The Paris Library - by Janet Skeslien Charles


Numbers floated round my head like stars. 823. The numbers were the key to new life. 822. Constellations of hope. 841. In my bedroom late at night, in the morning on the way to get croissants, series after series - 810,840,890-formed in front of my eyes. They represented freedom, the future.
So begins the story of Odile Souchet who thinks in Dewey Decimal numbers. She is thrilled to get a job at the American Library in Paris in 1939 where she can put both her library degree and her ability to speak English to good use. She has always loved books and the library, a place she frequented with her aunt as a child.  

Her job becomes a lot more challenging when Nazi's occupy her beloved "city of readers". The subversive librarians (including the aptly named Miss Reeder) find ways to continue to provide books and services to their Jewish patrons, even after the library is closed to them. Nazi's also looted libraries as well as the private collection of "prominent Jewish families" Additionally, censors regularly blacked out news from the daily papers making the sharing of knowledge that much more difficult. "Fake news" in the form of rumors also shakes up the library as a "sanctuary of facts" as patrons share misinformation with each other. 

Shushing is of course a time-honored tradition in libraries (at least as far as popular culture is concerned). While I will admit to having shushed a few exceptionally loud library users (usually university administrators) I have also, ironically, been shushed myself by people trying to study in the library, just as librarian Odile was shushed when she "screamed with joy" after returning to the library after 10 days of being away and seeing her brother's girlfriend Bitsi (who was also the children's librarian). In one passage Bitsi is described as "holding an open book over her head, like it's a roof" as if she is telling "the children that books are a sanctuary".
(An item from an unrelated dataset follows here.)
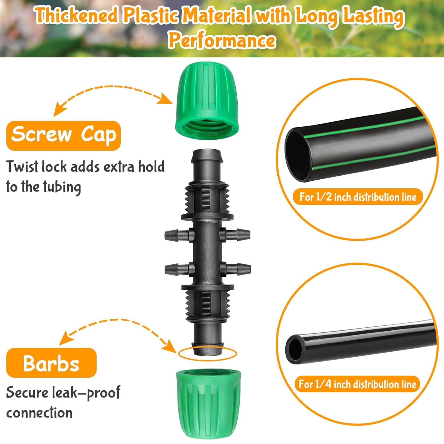 • EASY TO CONNECT: Simply push the tubing over the 1/2 and 1/4 barbed connector, the protruding barbed ends can grab drip irrigation tubing tightly for a secure leak-proof connection. Then tighten the threaded nut to fasten 1/2" tubing for double protection.

The story oscillates between Paris during World War II and Froid, Montana in the 1980s. Virtually all of the passages I marked while reading this are in the sections that take place in France. The only exception comes very late in the book. Lily, Odile's young neighbor storms "Dad's wife took away Forever!...She said Judy Blume writes 'smut'.' Censorship is wrong!" To which Odile responds "So is throwing a fit instead of sitting down to have a conversation...You should ask Ellie what she fears." She goes on to explain that "Ellie's scared the book will put ideas in your head, scared you'll want to experiment with sex." Lily retorts "I read Out of Africa and disn't establish a coffee plantation in Kenya!" I of course agree that censorship is wrong. I also agree that having a conversation is better than throwing a fit.